И вот какой смешной случай произошел с этим ученым, когда он уже был известным, уважаемым человеком.
Однажды он купался, вдруг слышит — к нему стучат. Обтерся Гилель полотенцем, оделся, выходит из дома, а там молодой человек.
— Извини, — говорит, — учитель. Ты, кажется, купался?
— Ничего, — сказал Гилель, улыбаясь. — Да, я купался, а что?
— Ничего. Я просто хотел спросить. Мне показалось, что ты купался, — сказал молодой человек и ушел.
Гилель вернулся в дом, разделся, намылился. Слышит — снова стучат.
Он ополоснулся, вытерся, оделся. Выходит, а там тот же молодой человек.
— Извини, — говорит, — учитель. Я тебя не оторвал от купания?
— Ну, подумаешь, — улыбнулся Гилель. — Немножко оторвал. У тебя, наверное, какое-то дело?
— Никакого дела.

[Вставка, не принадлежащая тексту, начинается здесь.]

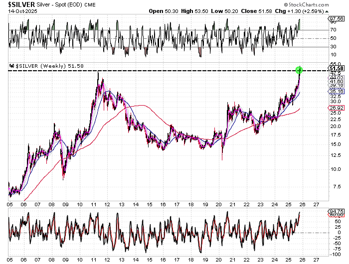 Now, silver looks ready to join the move. Silver is breaking above its long-term resistance zone — the same level that capped rallies in both 1980 and 2011. Bullish follow through here would mark a major technical milestone and likely ignite the next leg higher for the entire precious metals complex.

Просто хотел спросить, не оторвал ли я тебя от купания.
И ушел. Гилель опять разделся. Окунулся. Намылился.
Слышит — стучат.
Ополоснулся учитель, вытерся, оделся, вышел. И снова там тот же молодой человек.
— Я что хотел спросить… — говорит. — Я хотел спросить… Ты долго еще будешь купаться?
— Недолго, — говорит Гилель, улыбаясь. — Тем более, что я еще и не начинал.
Тут молодой человек не выдержал, вышел из себя. Стал оскорблять учителя. Оказывается, он поспорил с приятелями, что выведет его из терпения, но не получилось. И он проиграл.
— Ничего, — сказал учитель, — ты еще когда-нибудь выиграешь. Главное — потерпи.
Класс развеселился, слушая этот рассказ, но и что-то серьезное пробилось к нему сквозь эту веселость. А учительница сказала:
— Не зря старался этот ученый человек. История складывалась трудно, многим народам не хватило терпения. Давно уже нет амореев, давно нет арамеев, давно нет халдеев, а евреи — живут.
Она ничего не сказала о «деле врачей», словно считая его недостойным внимания. Но сказала намного больше, чем можно было сказать.
Вот тебе и дворяночка! Вот тебе и священная корова!
— Я люблю вас, Зинаида Владимировна, — сказал я ей в этот день.
Она покраснела, как девушка. Можно это сказать без запятой.
— Тридцать лет я не слышала этих слов. Долго же вы собирались.
Мне было двадцать три года. Я собирался дольше, чем жил.
Но все равно в тот момент мы с ней были счастливы.
Улица памяти
Постойте, постойте, разве Бебель жил в Одессе? Это Бабель жил в Одессе, а Бебель жил в Германии. Но почему же тогда улица называется именем Бебеля, причем улица не в Германии, а в Одессе? Или, может, в Германии есть улица Бабеля? Может, между Германией и Одессой заключен договор: мы будем называть свою улицу Бабеля, а вы — Бебеля?
А может, это Бебель жил в Одессе, а Бабель в Германии?
— Здравствуйте, мадам прокурорша!
Мадам прокурорша не живет на улице Бебеля, просто она иногда вспоминает о ней. Иногда вспоминается одно, иногда другое, но чаще забывается, чем вспоминается. А живет она на углу Богдана Хмельницкого и Шолом-Алейхема — тоже два хороших человека встретились в Одессе и разошлись, вернее, улицы их встретились и разошлись…
— Здравствуйте, мадам прокурорша!
Уже давно нет на свете ее прокурора, а она все еще мадам прокурорша. К таким профессиям люди относятся с уважением. Сколько лет прошло, а они помнят, хотя пора бы забыть.